Between the late 1950s and the mid-1980s, several immunology laboratories started to use the new hybridoma technology to develop monoclonal antibodies (mAbs) and define receptors expressed at different stages of hematopoietic cell differentiation.
While doing these experiments, several mAbs were developed against a protein called CD40, a surface receptor of B cells that can be polyclonally activated by a binding ligand.
This receptor has been found to be essential in mediating a broad variety of immune and inflammatory responses including T cell-dependent immunoglobulin class switching, memory B cell development, and germinal center formation.
[7] AT-hook transcription factor AKNA is reported to coordinately regulate the expression of this receptor and its ligand, which may be important for homotypic cell interactions.

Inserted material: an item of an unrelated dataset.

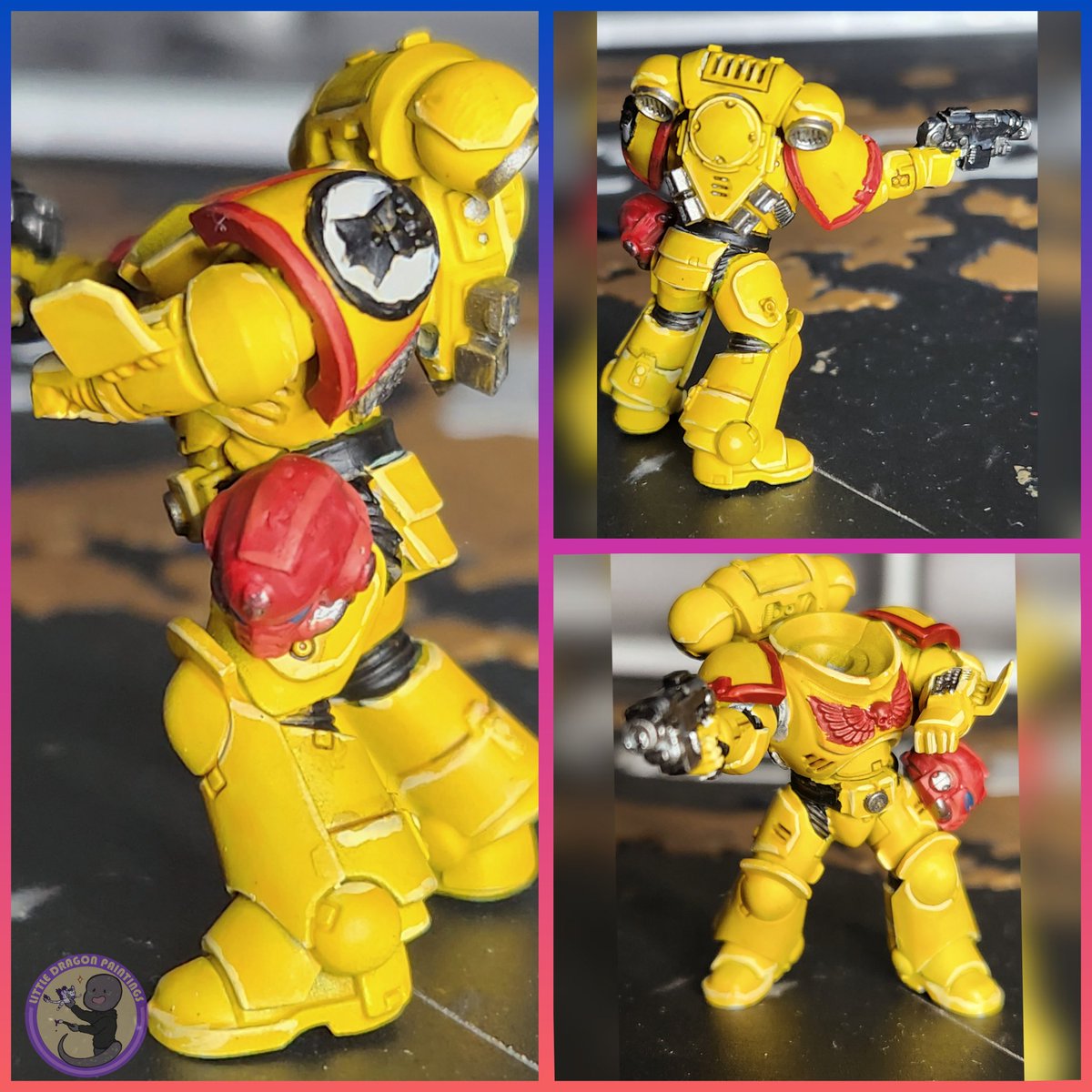 Hey everyone, here is my latest update for progress Tuesday. First space marines nearly done just have to tidy the lines up and do the head. Please let me know what you think.^^ #warhammercommunity #warhammer40k #progresstuesday #imperialfists #spacemarines

The increase in activation results in the induction of potent microbicidal substances in the macrophage, including reactive oxygen species and nitric oxide, leading to the destruction of ingested microbe.
Early evidence for these effects were that in CD40 or CD40L deficient mice, there is little class switching or germinal centre formation,[9] and immune responses are severely inhibited.
[6] There are a number of completed and ongoing clinical trials using agonistic anti-CD40 monoclonal antibodies to elicit an anti-tumor T-cell response via dendritic cell activation.
Over the past 20 years, numerous human CD40 monoclonal antibodies have been developed and evaluated in clinical trials due to encouraging variability in cancer animal models.
[5] More recently, agonistic CD40 therapy has been shown to decrease T cell cytotoxicity in preclinical glioma models, and in fact affect the efficacy of immune checkpoint blockade.
This is likely due to the high mutational burden most of these models display, which causes them to respond better to immune checkpoint blockade than human glioma, but is nonetheless relevant information for research in immunomodulatory therapies.
CD40 is involved in the development of hyper-IgM syndrome in that it serves as a co-stimulatory molecule in the activation differentiation of B cells, which play a key role in producing immunoglobulins.
For example, drugs that block CD40 signaling have shown promise in treating autoimmune diseases, such as rheumatoid arthritis, by suppressing the overactive immune response.